Our success depends on the development and growth of markets for products based on new and emerging storage technologies.

        Our product development efforts in the storage market are focused on the development of products using new interface technologies such as Fibre Channel and Serial ATA. The markets for these new interface technologies are at an early stage of development, and there can be no assurance that they will replace other storage interfaces that are now widely used, such as Parallel ATA and SCSI. The potential size and rate of development of these markets are uncertain and will depend on many factors including:

    the rate at which manufacturers of storage systems adopt new interface technologies, which are currently more costly to implement than existing interface technologies;
    the availability of cost-effective semiconductors for storage systems that implement new interface technologies for the storage market; and
    improvement to existing storage interface technologies such as Parallel ATA and SCSI, or the introduction of other new storage interface technologies, either of which may decrease consumer demand for our storage products.

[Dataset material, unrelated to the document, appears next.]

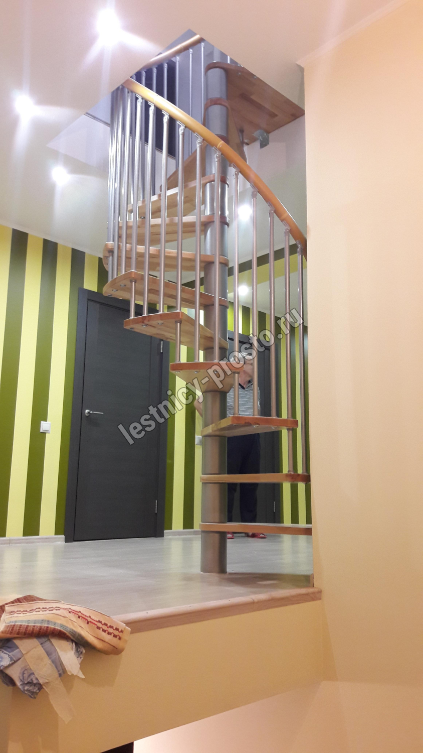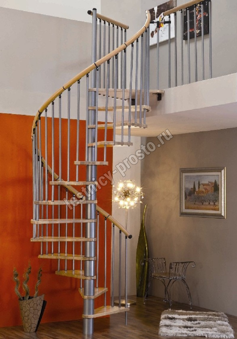 | Винтовая лестница SPIRAL WOOD d140 см, серебро, лакированный бук |

        In particular, the rate of implementation of the Serial ATA interface will depend on how quickly drive manufacturers, motherboard and PC providers and chipmakers are able to resolve technical communication and functionality issues to enable a "plug and play" environment where a computer system is automatically able to recognize and configure storage devices. Resolution of these issues could be time-consuming, and will depend in good measure on the ability of chipmakers to incorporate the required high-speed serial data transfer capabilities into their semiconductors without sacrificing manufacturing yields.

        Any delay in acceptance of new interface technologies, or a reduction in the growth or size of the market for systems based on Serial ATA or Fibre Channel technologies would limit sales of our storage products and reduce our revenue.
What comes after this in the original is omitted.